Fidel Kuri le propuso a Jorge Urdiales tener control deportivo y administrativo de Veracruz para la temporada 2019-2020. El dueño de los Tiburones Rojos nunca dudó en pagar los 120 millones de pesos a la Asamblea de Dueños, para conseguir la permanencia del club, a pesar de que había perdido la categoría deportivamente.

En la primera reunión con Urdiales, que logró tres títulos de Liga y dos de Concachampions con Monterrey, Kuri le expresó que tendría facultad para definir al técnico y lanzar una estrategia comercial para hacer de recursos al club.

“Está pendiente (...) Me parece normal porque él (Fidel Kuri) tenía que resolver el problema de la Federación, hacer el depósito, que lo validarán y confirmarán en la asamblea. Ahí va el proceso”, indicó Jorge Urdiales.

Veracruz tiene abiertos varios frentes de batalla para la reconstrucción de un proyecto que tendrá una nueva oportunidad en Liga MX. A los problemas financieros y demandas que tiene el club, ya pagó los 120 millones de pesos para mantener la franquicia en Liga MX.

Hace tres días, el dueño de Veracruz realizó el depósito por 244,000 dólares a Montevideo Wanderers por la controversia que sostenía con el equipo uruguayo por los derechos de formación de Matías Santos, y que en caso de no pagarla le hubiera significado el descenso automático por parte de FIFA.

Finalmente, la Asociación Mexicana de Futbolistas profesionales informó que Veracruz todavía no finiquita la deuda de 20 millones de pesos que prometió a jugadores como premio por mantener la categoría en la temporada 2017-2018, y que no podía hacer negociaciones y fichajes, ni tampoco iniciar el torneo Apertura 2019, en caso de no pagar o llegar a un acuerdo con los futbolistas.

Tiburones enfrenta el problema de un plantel devaluado, jugadores que no pertenecen al club o que tendrán que renegociar con ellos, aunque saben que a nivel deportivo pocos resultados dieron.

Urdiales le informó a Fidel Kuri que no podrá asumirse como presidente ejecutivo de Veracruz, debido a que el directivo que se mantuvo 11 años como presidente de Monterrey tiene dos agencias de asesoría en Nuevo León que le impiden cambiar su residencia y estar de tiempo completo al pendiente de Tiburones.

“Le comenté que con mucho gusto podía apoyar en asesoría, proponer personas, pero una vez que tomara esa decisión y la del técnico, que también ya la platicamos y le di puntos de vista, él lo va a decidir”, expresó Jorge Urdiales.

El proyecto que le recomendó Jorge Urdiales al dueño de Veracruz se basa en solidez deportiva, en conseguir un técnico con experiencia y que pueda conseguir 40 puntos en la próxima temporada. El dueño de Veracruz se concentró en ir superando obstáculos, ya confirmó la permanencia del equipo en Liga MX, al pagar al torneo y al club uruguayo, por lo que no hay reglamento que le impida competir en Primera División la próxima temporada, pero por la falta de un técnico, un presidente y con sólo 16 jugadores que pertenecen al equipo —la mayoría jóvenes de Fuerzas Básicas— Tiburones tendrá que recurrir nuevamente a préstamos de jugadores para reforzarse.

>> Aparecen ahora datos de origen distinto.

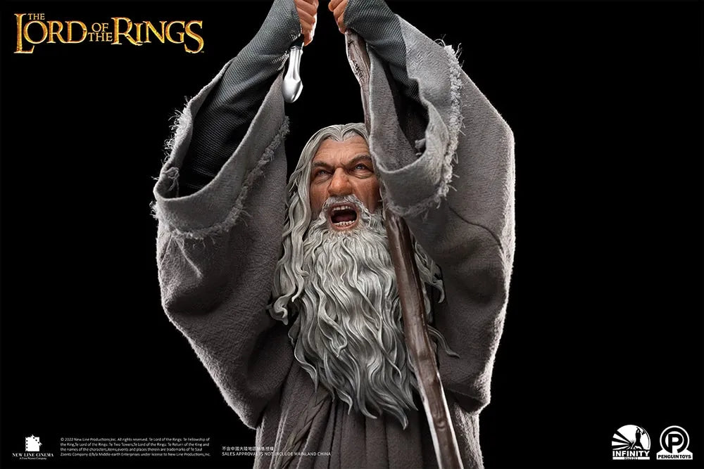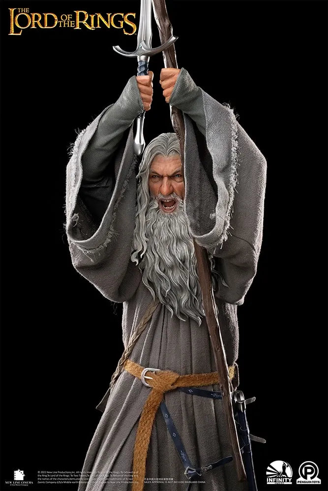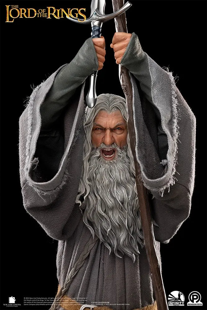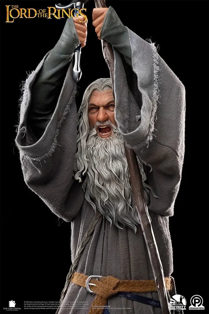 A estátua em meia-escala com corpo inteiro de "O Senhor dos Anéis," o mago Gandalf está chegando. A Sociedade está começando a tomar forma. A Gandalf, o Cinzento (Edição Premium) Estátua pertence à Série Master Forge em Meia-Escala, onde a Infinity Studios e a Penguin Toys adaptaram o icônico personagem para uma meia-escala, mas com um corpo cheio de detalhes requintados, delicadamente e amorosamente restaurados, dando a este item uma presença definitiva. Ela é projetada para atender ao desejo dos colecionadores de buscar a classe máxima em suas O Senhor dos Anéis Largura: 41 cm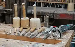 Krácení dřeva a hrubé obrábění se provádí motorovými pilami v exteriéru, nebo v interiéru s elektrickými nebo akumulátorovými řetězovými pilami. V oblibě jsou uhlové brusky, se speciálními kotouči a mnohdy i nádstavci. Používaná je celá řada strojů od přímých brusek, přes mikronářadí až po řezbářské kopírky a CNC stroje.[1]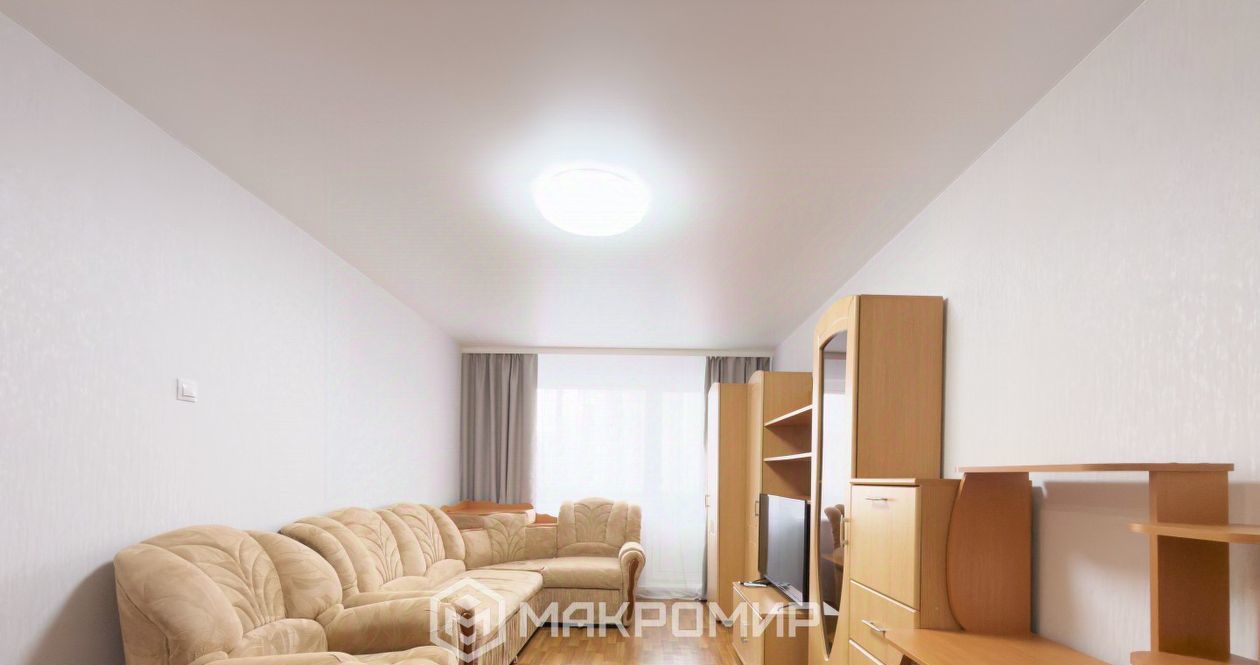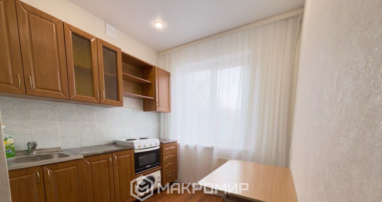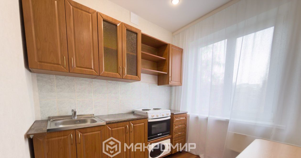 Бытовая техника и мебель: есть все необходимое для жизни — удобный кухонный гарнитур, электрическая плита с духовкой, микроволновка, холодильник, обеденный стол, диван, вместительные шкафы для одежды, телевизор.
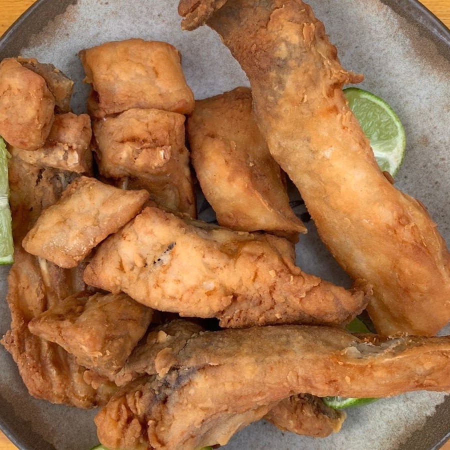 Porção de 300 gramas de tilápia a passarinho com tempero.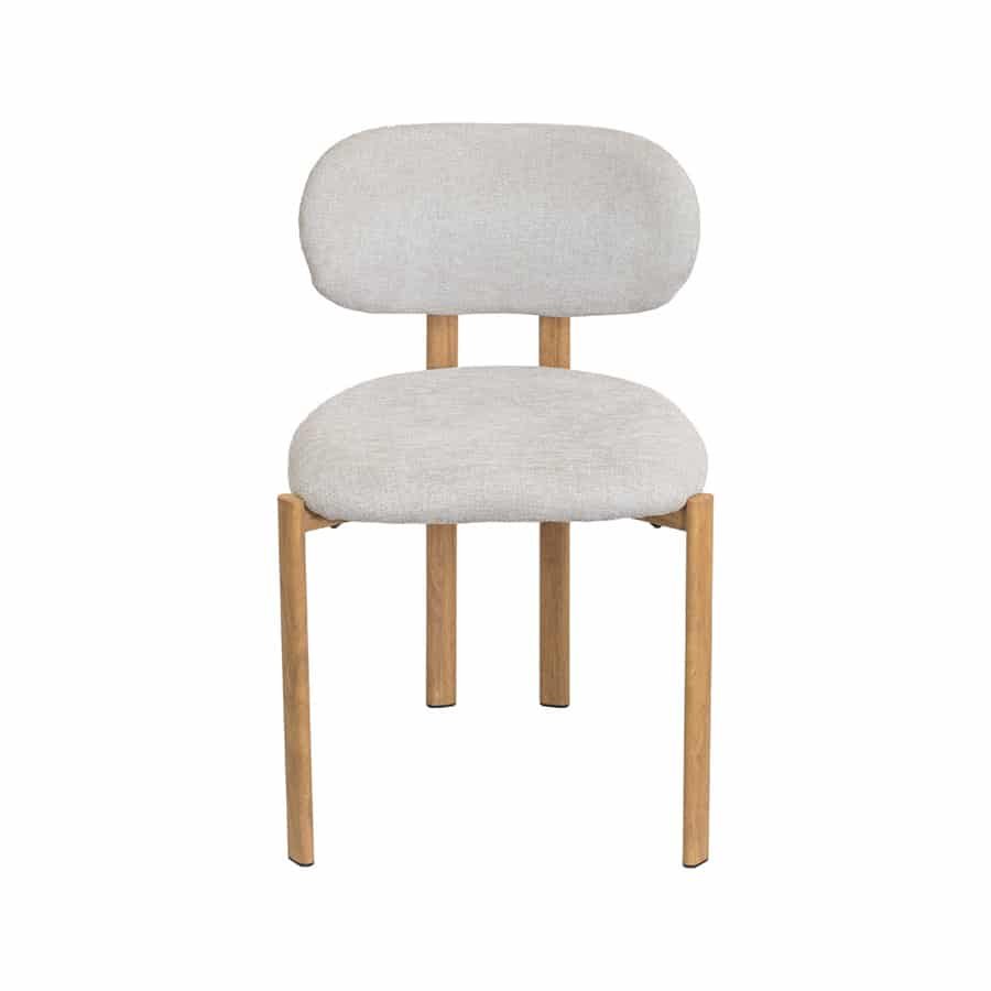 Cadeira Jari 4444 Almofadada Base metal cor madeira Linho cinza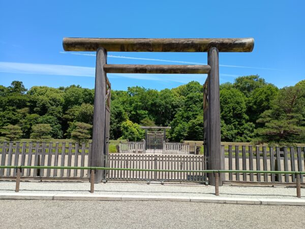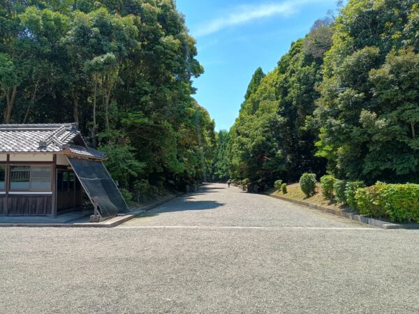 グーグルマップの案内で「神武天皇陵」に向かいました。「神武天皇陵拝所」です。正面が陵墓ですが、ここから先へは立入ることはできません。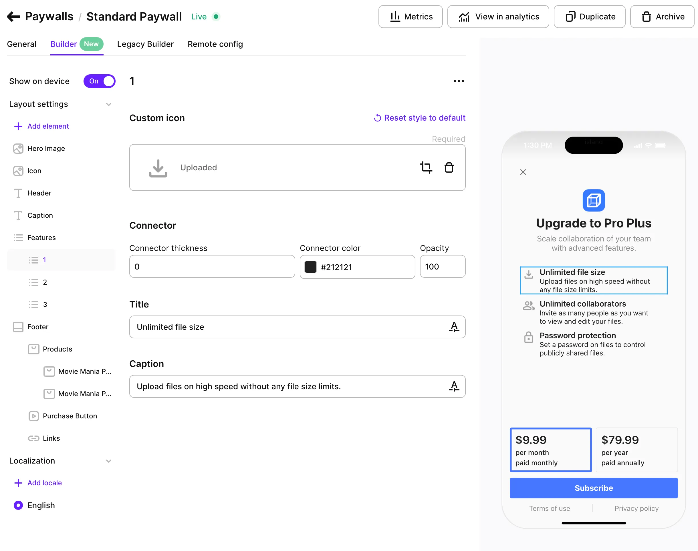 - Verify that the paywall appears when triggered.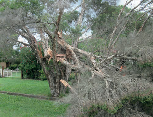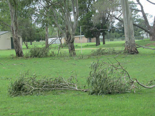 L-R: SDRC soon arrived to remove this damaged tree in Arnold Street; Plenty of branches down in the school grounds; Tree down on corner of Forde and Warwick Streets.
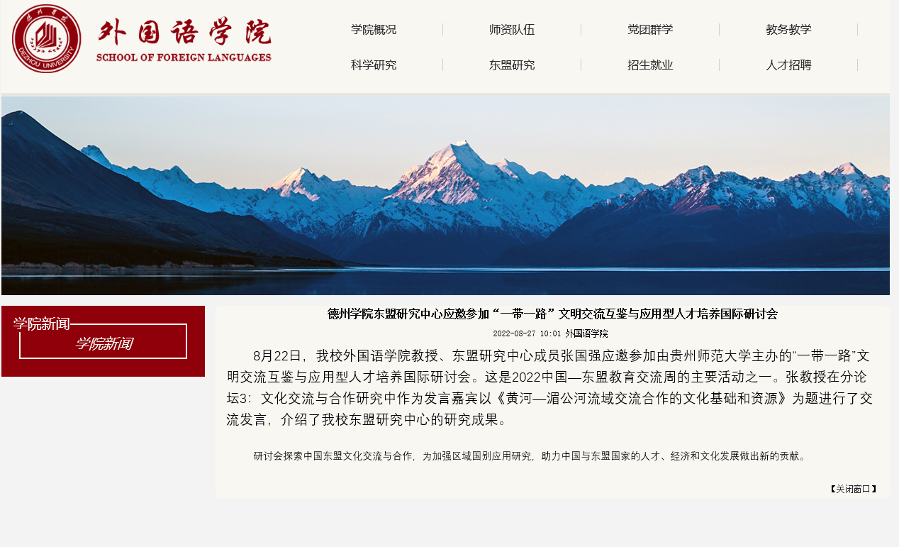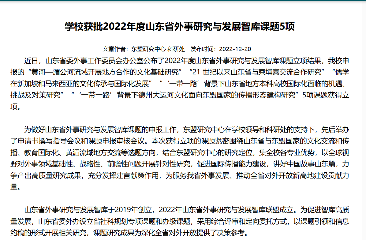 在学校领导、教育部高校国别和区域研究工作秘书处 、山东省人民政府外事办公室指导下,以及德州市人民政府外事办公室和学校各单位支持下,bat365在线唯一官网登录东盟研究中心始终对接东盟国家、山东省、德州市和学校发展实际需求,开展中国—东盟的区域国别研究相关工作。在过去的2022年里,中心克服疫情困难,稳步推进区域国别学学科体系、学术体系、知识体系、课题研究、学术交流、智库平台建设。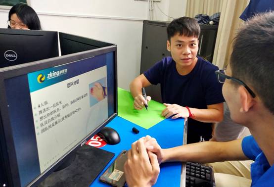 上午卓景京教育的老师依据企业化管理的方式对28名同学进行了分组,并设计了相应的团队建设活动,让大家在轻松的氛围中更好的融入团队之中。同时,老师们给同学们介绍了相关实训内容以及在聊天中传授了丰富的职场工作经验,让大家在模拟的企业工作环境中更好的去适应。

Robert Dante Siboldi renunció a falta de cuatro jornadas para el final del Torneo Clausura 2019, cuando en el proyecto del dueño del equipo, el entrenador uruguayo se haría cargo de la reconstrucción del equipo, en caso de perder la categoría.

Veracruz tenía a 12 de los 28 jugadores de su plantel en calidad de préstamo, algunos finalizaron contrato, por lo que se tiene que renegociar con ellos un nuevo acuerdo.

“Es un tema que trate con Fidel, donde el más calificado debe ser el técnico que se vaya hacer cargo, quien debe determinar, junto con él, quién se queda y quién se va. Tiene jugadores que terminaron contrato y eso es una ventaja, pero por otro lado tiene que competir con otros equipos por jugadores para poder reforzar”, añadió Jorge Urdiales.

Cuando Veracruz ganó el título de Copa MX del Clausura 2016, el equipo alcanzó su mayor potencial financiero, al valer 32.7 millones de dólares. En ese momento contaba con jugadores como Julio Furch, Daniel Villalba, entre otros, que significan el pilar deportivo y financiero del equipo.

El torneo pasado, Tiburones terminó como el equipo menos valorado del futbol mexicano, incluso por debajo de Lobos Buap, con una cotización de 22.7 millones de dólares, una disminución de 10 millones de dólares.

“Es algo que se tiene que definir, que todavía no tenía resuelto, no tenía patrocinios fuertes y se necesita de un buen contrato de televisión”, expresó.